_WHAT THE TASK ASKS_. Reproduce everything from the line that contains "Oblique view of" down to the line that contains "A Rossetts Commercials" in the listing below, word for word and nothing more. Leave the pictures out.

_RECORDS SUPPLIED_.
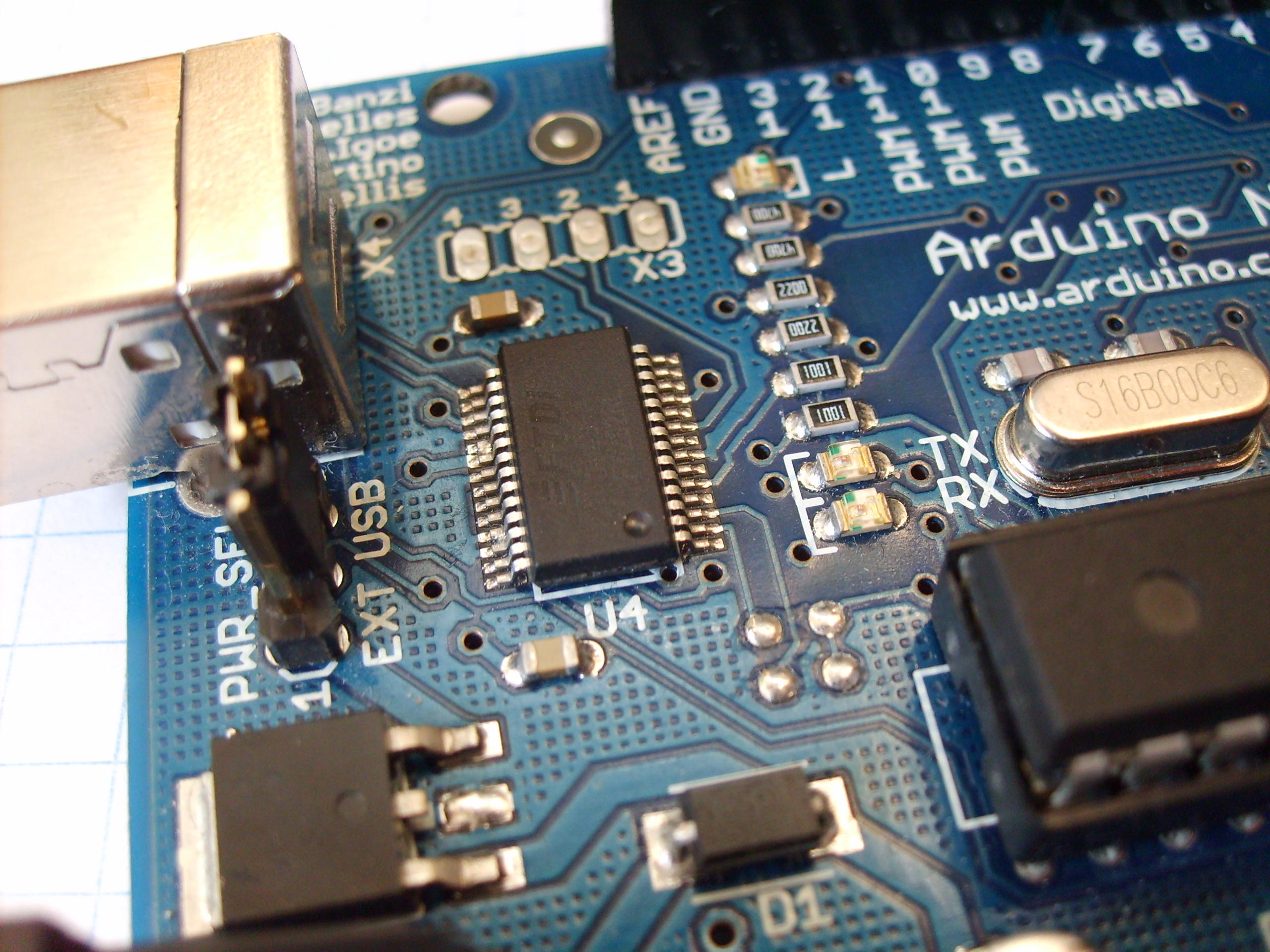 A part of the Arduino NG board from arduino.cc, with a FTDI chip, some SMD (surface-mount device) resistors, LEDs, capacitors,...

...

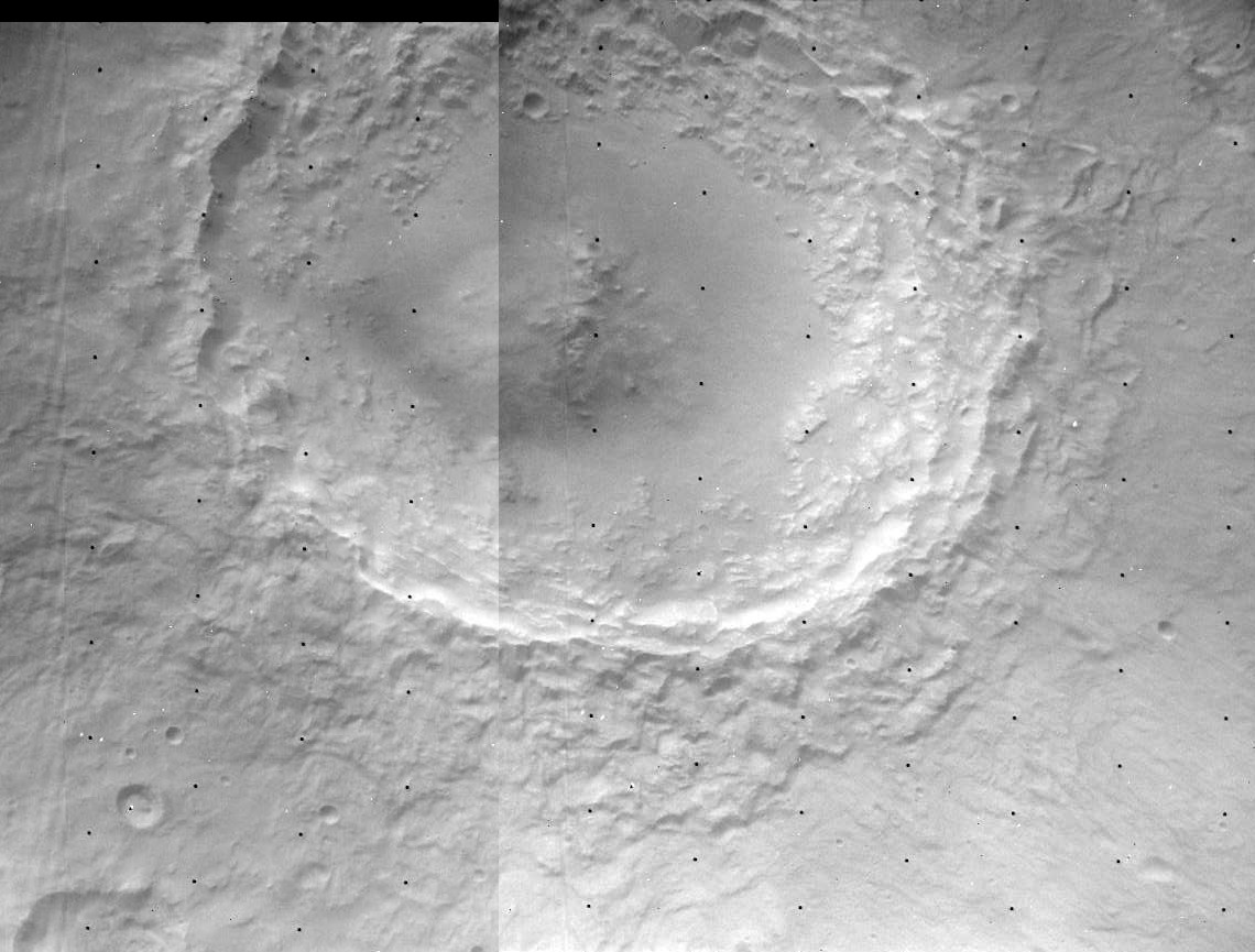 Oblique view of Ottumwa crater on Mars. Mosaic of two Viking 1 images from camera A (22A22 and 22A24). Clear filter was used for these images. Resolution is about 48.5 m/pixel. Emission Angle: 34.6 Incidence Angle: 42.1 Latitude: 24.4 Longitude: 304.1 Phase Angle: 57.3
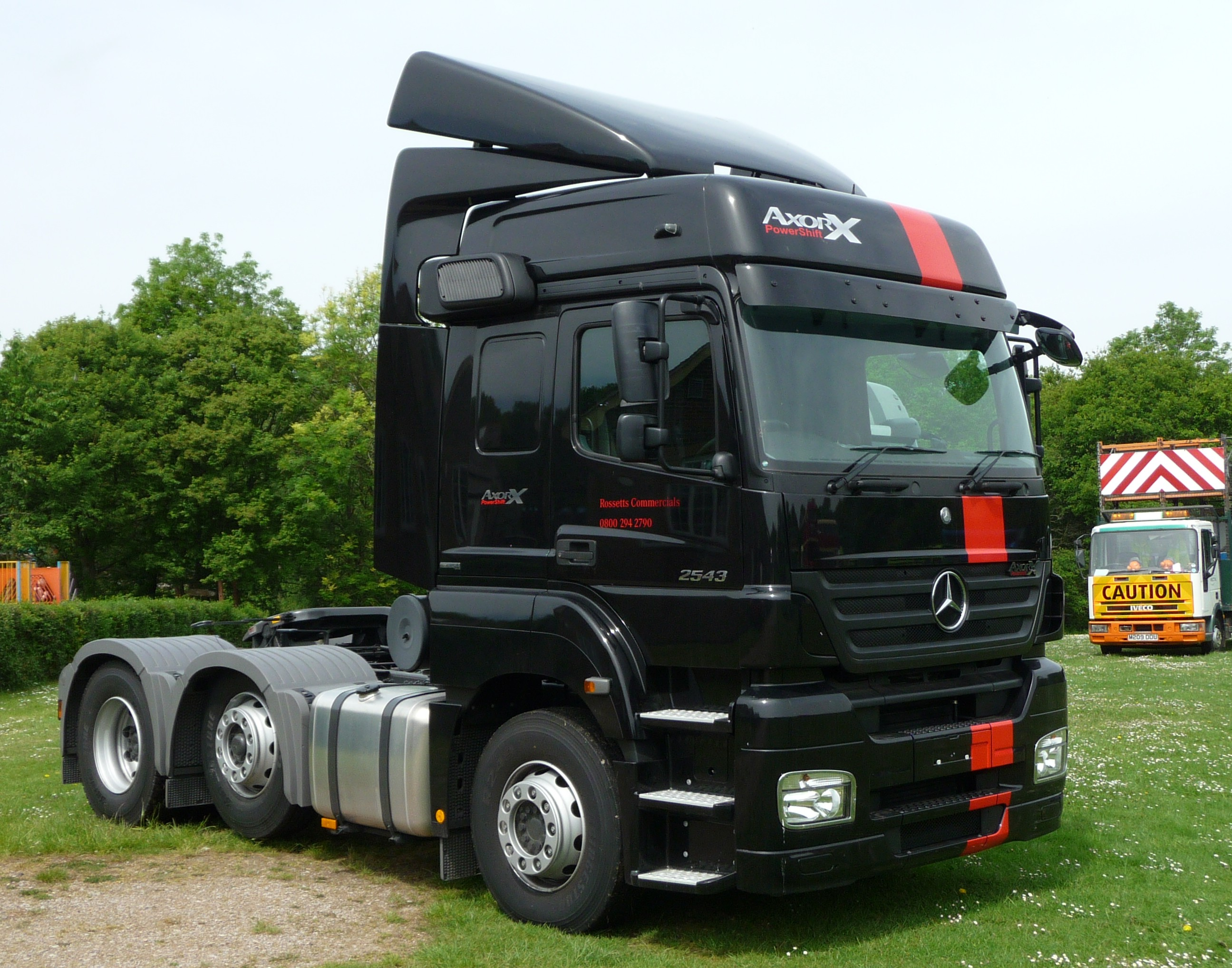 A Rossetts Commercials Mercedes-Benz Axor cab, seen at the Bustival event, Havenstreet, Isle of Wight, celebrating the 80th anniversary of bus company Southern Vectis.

_TASK RESPONSE_.
 Oblique view of Ottumwa crater on Mars. Mosaic of two Viking 1 images from camera A (22A22 and 22A24). Clear filter was used for these images. Resolution is about 48.5 m/pixel. Emission Angle: 34.6 Incidence Angle: 42.1 Latitude: 24.4 Longitude: 304.1 Phase Angle: 57.3
 A Rossetts Commercials Mercedes-Benz Axor cab, seen at the Bustival event, Havenstreet, Isle of Wight, celebrating the 80th anniversary of bus company Southern Vectis.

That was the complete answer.